Fitch attributes Luxembourg’s AAA rating to the country’s resilience to the shock of the COVID-19 pandemic. Luxembourg’s economic structure and its relatively low proportion of “in contact services”, as well as the broad support provided by the government to businesses and households impacted by restrictions, made it possible for the country to overcome the crisis with a strong economic performance.

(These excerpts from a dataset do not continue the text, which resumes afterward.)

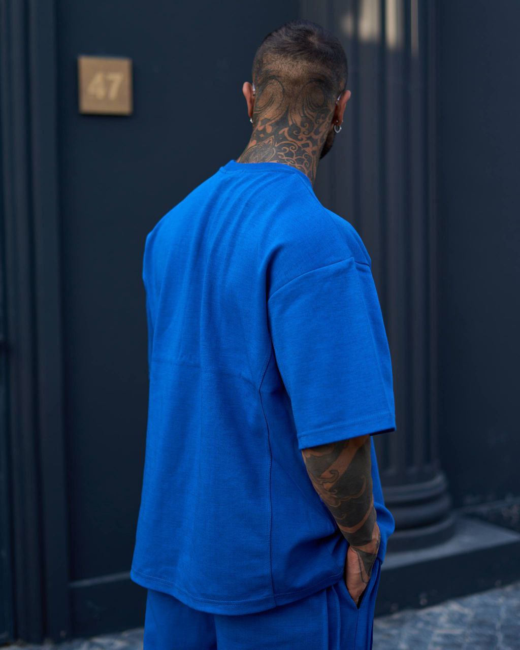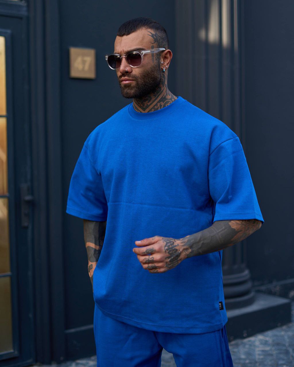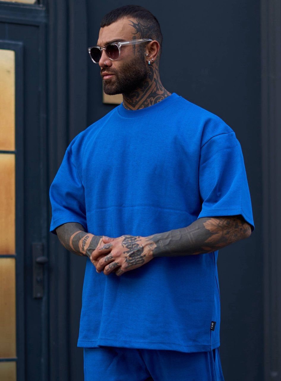 تیشرت اورسایز مینیمال آبی رویال | «Sky Mood» کد 2214/6
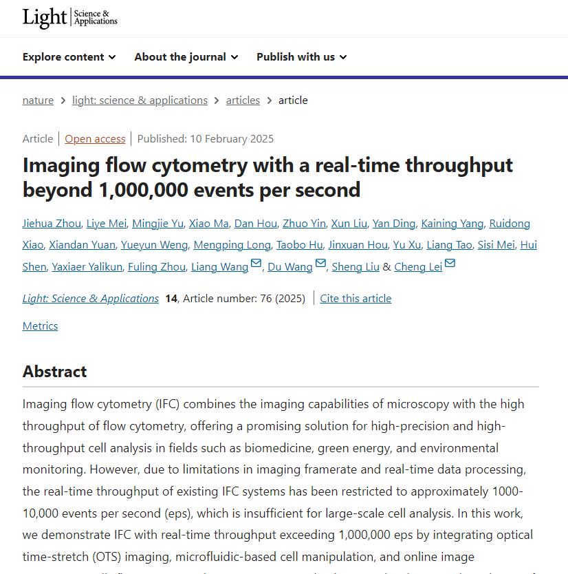 近日,湖北工业大学计算机学院青年教师梅礼晔与武汉大学雷诚教授在国际光学顶尖期刊《Light: Science & Applications》发表了题为“Imaging flow cytometry with a real-time throughput beyond 1,000,000 events per second”的研究论文(论文链接:https://doi.org/10.1038/s41377-025-01754-9)。梅礼晔博士和武汉大学周杰华博士为论文共同第一作者,武汉大学雷诚教授、王度教授、华中科技大学王亮教授为该论文的共同通讯作者。《Light: Science & Applications》是Nature子刊中极具影响力的光学类期刊,于2012年创办,2023年最新影响因子为20.6,连续9年稳居世界光学期刊榜前三。
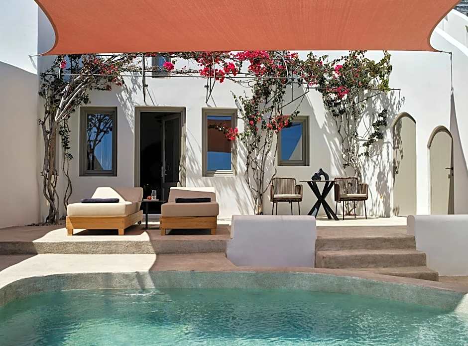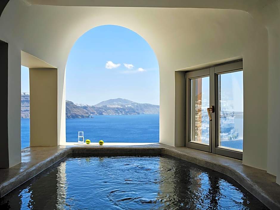The White House features a private infinity pool with Caldera views, an outdoor hot tub and waterfall. You will find a double bedroom, an airy living area with sea views and a bathroom. The house is set on a 200 m2 terrace where you can enjoy a private dining.
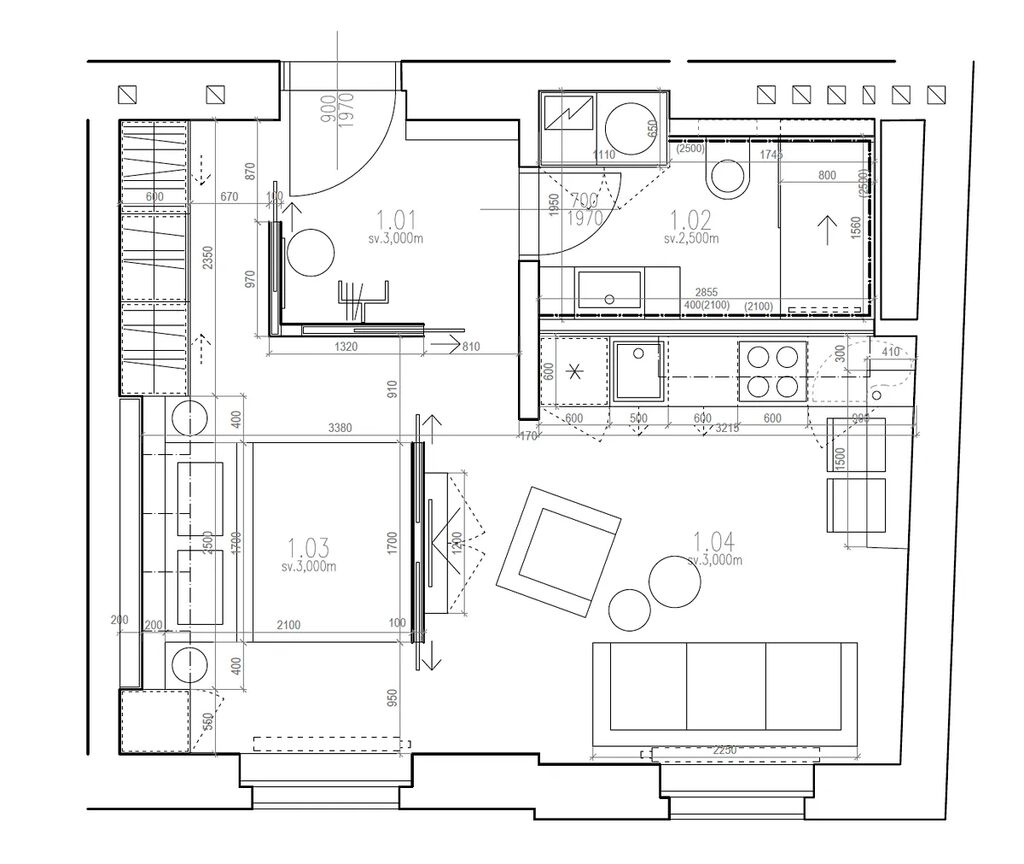 Dispozici tvoří předsíň, koupelna s walk in sprchovým koutem, obývací pokoj s kuchyňskou linkou a jídelním koutem, ložnice, která je částečně uzavíratelná. Světlá výška 3 metrů poskytuje vzdušnost i světlost celému prostoru. K bytu patří sklep o velikosti 4 m2.
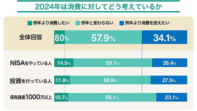 2024年の消費について聞いてみると、「例年より消費したい」と回答したビジネスパーソンは全体の8.0%に留まり、「例年と変わらない」が57.9%と多くを集めました。「例年より消費を控えたい」と回答したビジネスパーソンも34.1%おり、引き続き消費については慎重な傾向が見られます。また、投資を行っている人やNISAをしている人、保有資産が多い人ほど「例年より消費したい」と回答していることも明らかになりました。
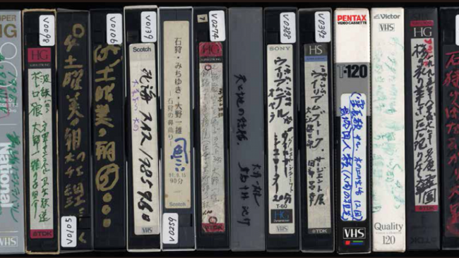 (写真上:大野一雄氏所蔵のVHSテープ 下:アーカイブ展示風景)

Its real GDP had already returned to pre-pandemic levels in the fourth quarter of 2020, and Fitch foresees a GDP growth of 4.6% in 2021, 3% in 2022 and 2.3% in 2023. The agency also predicts that the government deficit will fall to -2.3% of GDP in 2021 and be no more than -0.8% two years later.
The comfortable budgetary situation established in the years preceding the crisis, as well as the exceptionally high income per capita, made it possible for the country to implement a robust economic response to the pandemic while maintaining stable fundamentals.
Stable public debt
Public finances are central for the AAA rating, and although Fitch predicts an increase of Luxembourg’s public debt from 24.9% of GDP in 2020 to 28.3% in 2023, the debt ratio would remain the lowest among its AAA-rated peers and well below the AAA median of 44%. The soundness of Luxembourg’s finances is also an additional safety cushion against a possible increase in expenditure linked to aging over the coming decades.
“Fitch’s rating underlines the importance of sound public finances for a small country like ours,” comments Minister of Finance Pierre Gramegna. “It forms the basis for meeting the challenges of the years to come and enables us to fight back against the economic and social consequences of the pandemic. Our debt ratio is among the lowest among the AAA rated countries and I am convinced that by pursuing a prudent and balanced approach on the budgetary plan, Luxembourg will be able to face the future serenely.”